=== Exercise brief ===
What is needed is the exact text of each line in the listing below from the one with "ANENG ST206 Цифровой" up to and including the one with "V-Neck Sleeveless Two", and no pictures.

Start of Raw data

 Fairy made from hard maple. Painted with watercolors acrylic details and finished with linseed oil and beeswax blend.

End of Raw data
Start of Raw data

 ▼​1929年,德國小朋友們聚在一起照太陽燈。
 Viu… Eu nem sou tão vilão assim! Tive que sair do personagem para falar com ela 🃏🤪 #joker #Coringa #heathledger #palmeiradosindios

End of Raw data
Start of Raw data

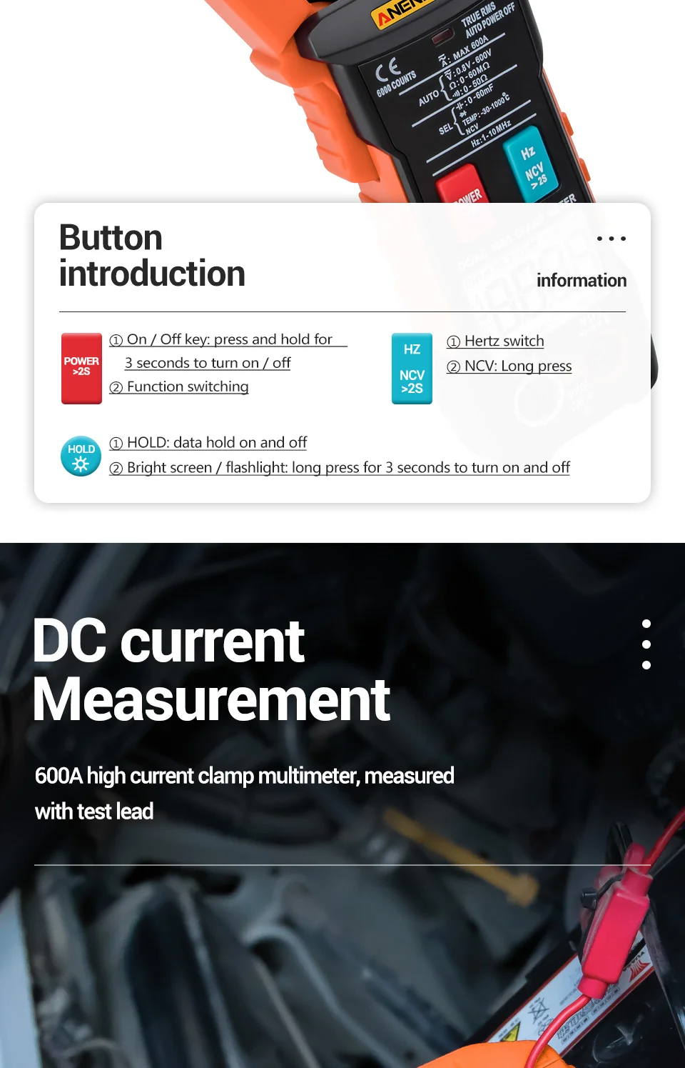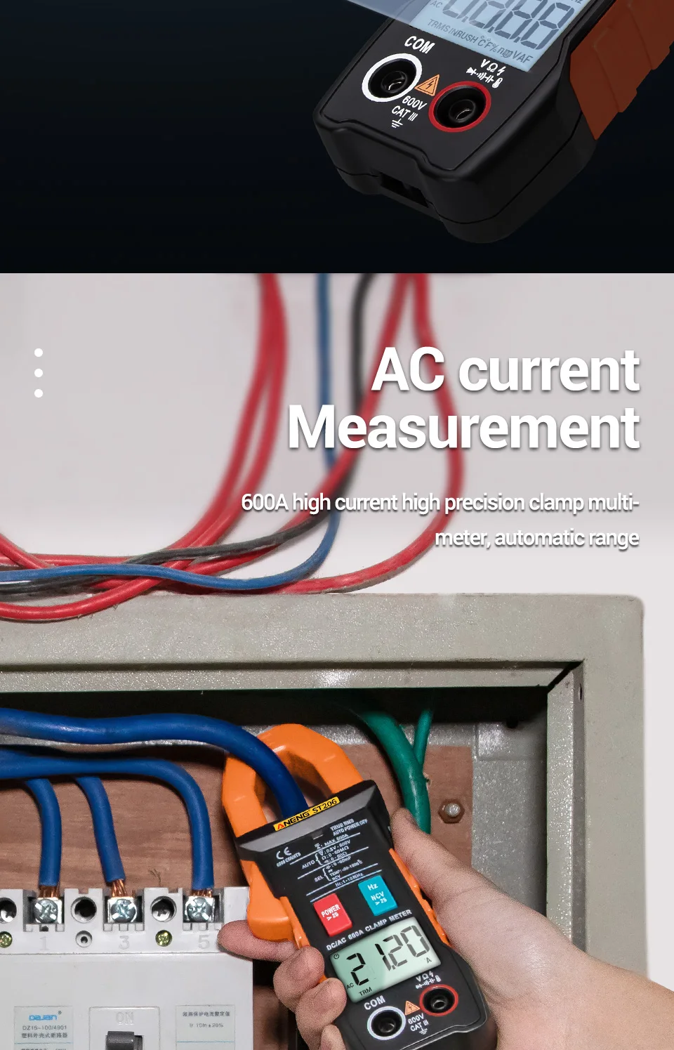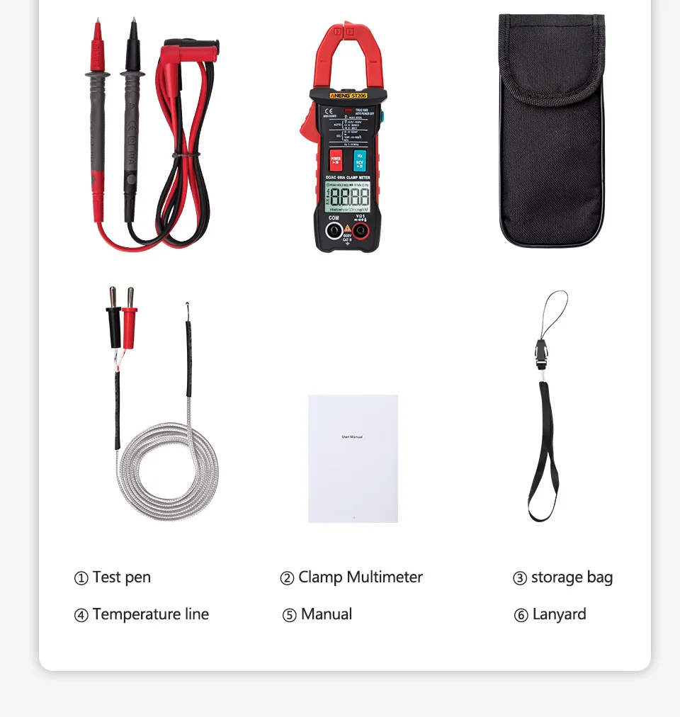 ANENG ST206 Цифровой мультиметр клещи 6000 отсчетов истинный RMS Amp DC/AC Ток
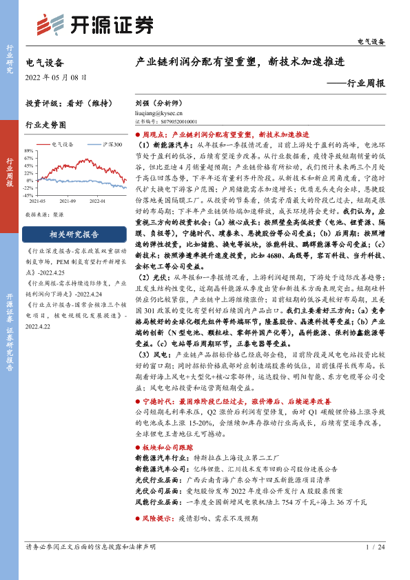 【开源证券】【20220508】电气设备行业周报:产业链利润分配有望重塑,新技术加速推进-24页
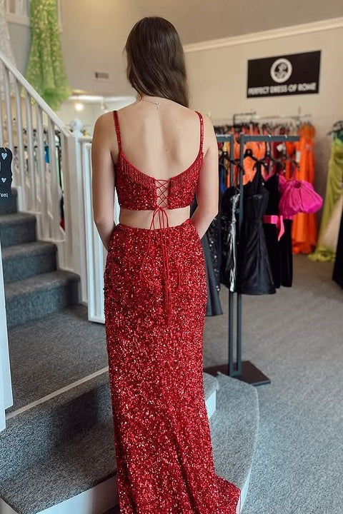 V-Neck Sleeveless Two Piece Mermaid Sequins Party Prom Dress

End of Raw data

=== Response to the task ===
 ANENG ST206 Цифровой мультиметр клещи 6000 отсчетов истинный RMS Amp DC/AC Ток
 【开源证券】【20220508】电气设备行业周报:产业链利润分配有望重塑,新技术加速推进-24页
 V-Neck Sleeveless Two Piece Mermaid Sequins Party Prom Dress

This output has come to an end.